Here is a partial list of the apps I have on my Touch right now. These seem to have some potential to support thinking and learning and useful play:

Math Dice (a fairly basic game with some potential to support student exploration in the classroom).

Cute Math looks like it has some potential for preschoolers.

MakeNum - seems OK, but I have only looked at the light version so far.

For basic fact flashcard apps I like the Brain Blaze series - not perfect, but better than most - especially the progress screens.

Another neat app is the Bell Curve. It's not a game but as a tool to understand the relationships associated with the bell curve it's cool.

Touch Physics is a fun physics related game - gravity, levers, etc.

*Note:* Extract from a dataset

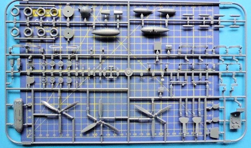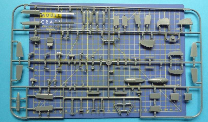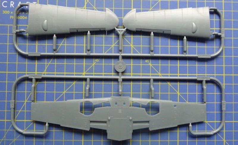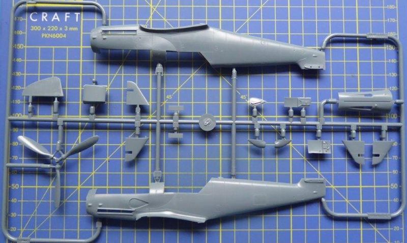 Dem Bausatz liegen vier Graue Spritzlinge bei. Die beiden größten Spritzlinge sind aus den vorigen Bausätzen der 109er schon bekannt. Auch der Spritzling mit den Tragflächen ist mit dem des G-14 Kits identisch. Das angeformte Pitotrohr sollte man lieber vor dem Zusammenbau abtrennen bevor es beim unabsichtlichen Bruch im Nirwana des Teppichs verschwindet.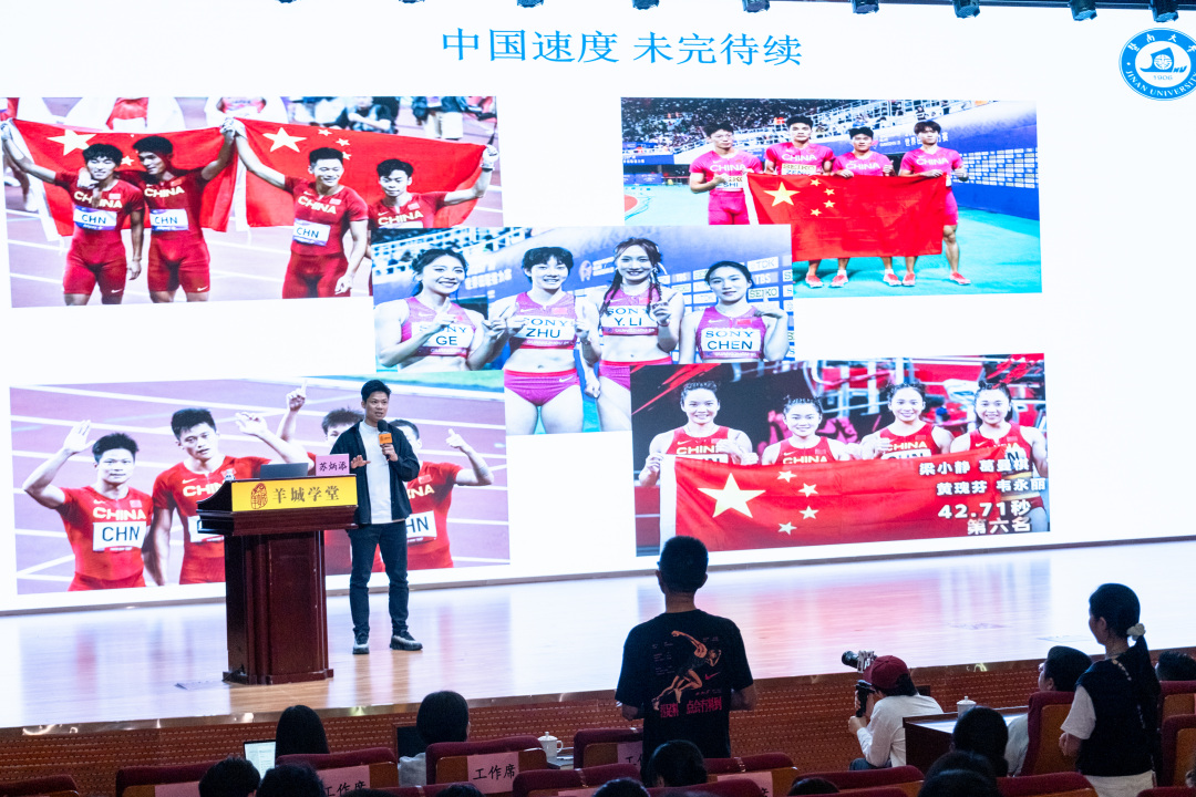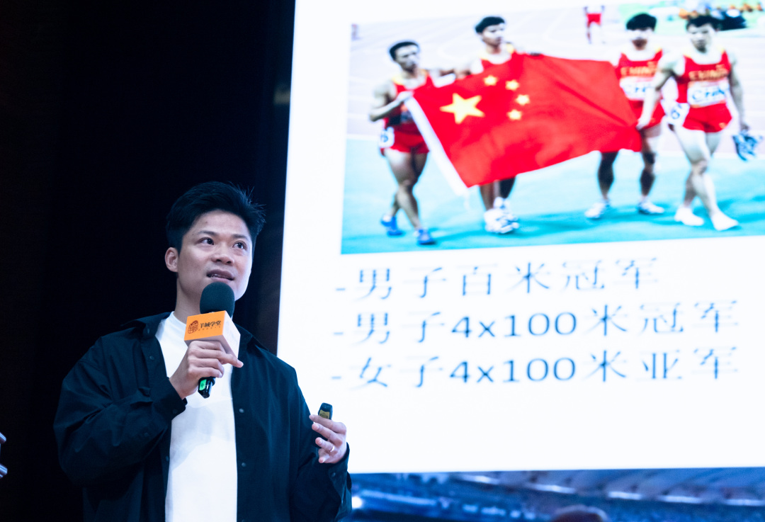 “中国速度,未完待续。”讲座的最后,大屏幕展示多张中国新一代短跑健将的比赛图,包括来自广东的陈冠锋、施君豪,他们都是苏炳添退役时点名的接棒者。完成交棒的苏炳添期待,中国短跑新生代成功接棒,未来站上更高的舞台,为“中国速度”增光添彩。

Number Line challenges players to sort out a set of decimals, fractions and percents.

Codewords is an interesting challenge - another app I'd like to take into the classroom for a discovery learning lesson.

Parking lot is a good problem solving game.

Word Party is a good fun 'guess my word' game for a small group.

Catch a mouse is a fun problem solving game and may even have some potential for supporting a discussion on graph theory.

Lemonade is a classic app that can help students to begin to understand the potentials and complexities that develop when you can manipulate more than one variable - but I haven't had a chance to form any judgement on this version.

Finally,Zentomino and Tanzen are neat puzzle games that support spatial reasoning and development of geometry sense.

I don't have a favorite calculator - any suggestions?

## Sunday, August 2, 2009

### Nine Gaps promotes thinking and learning

The Nine Gaps game has been around for a couple of months now, and has managed to climb up near to the top of the heap in math applications. Indeed, as I browse through the 10 math apps above it, I think it deserves to be on top.

In the game, the player is challenged to position the digits 1 through 9 onto a 3x3 equation grid such that all of the equations formed (horizontal and vertical) are true. Although it has a passing similarity to Sudoku – it is much more worthwhile. The user interface is clean and simple and a pleasure to use. Everything seems to work as it should and players are never distracted by the interface as they work on solving the puzzle.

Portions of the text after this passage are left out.